***** Dataset excerpt

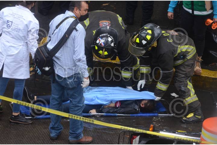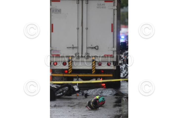 Bomberos de la capital recogen el cadáver de una joven que murió tras impactar su motocicleta con un camión en la alcaldía Coyoacán.
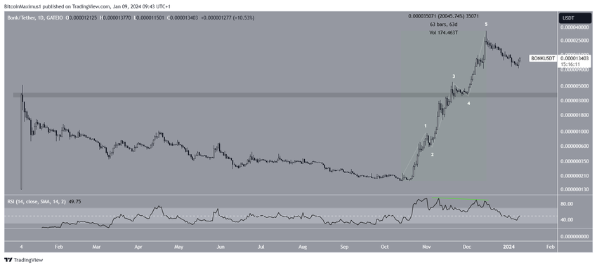 가장 가능성이 높은 파동 수는 BONK가 10월 저점 이후 5개의 파동 상승을 완료했음을 시사합니다.
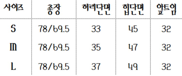 하단 사이즈 표를

**********

**What needs to be done:** In the data above, find the line with "가장 가능성이 높은 파동" and repeat it and every line after it through the end, exactly; leave the pictures out.

**Task response:**
 가장 가능성이 높은 파동 수는 BONK가 10월 저점 이후 5개의 파동 상승을 완료했음을 시사합니다.
 하단 사이즈 표를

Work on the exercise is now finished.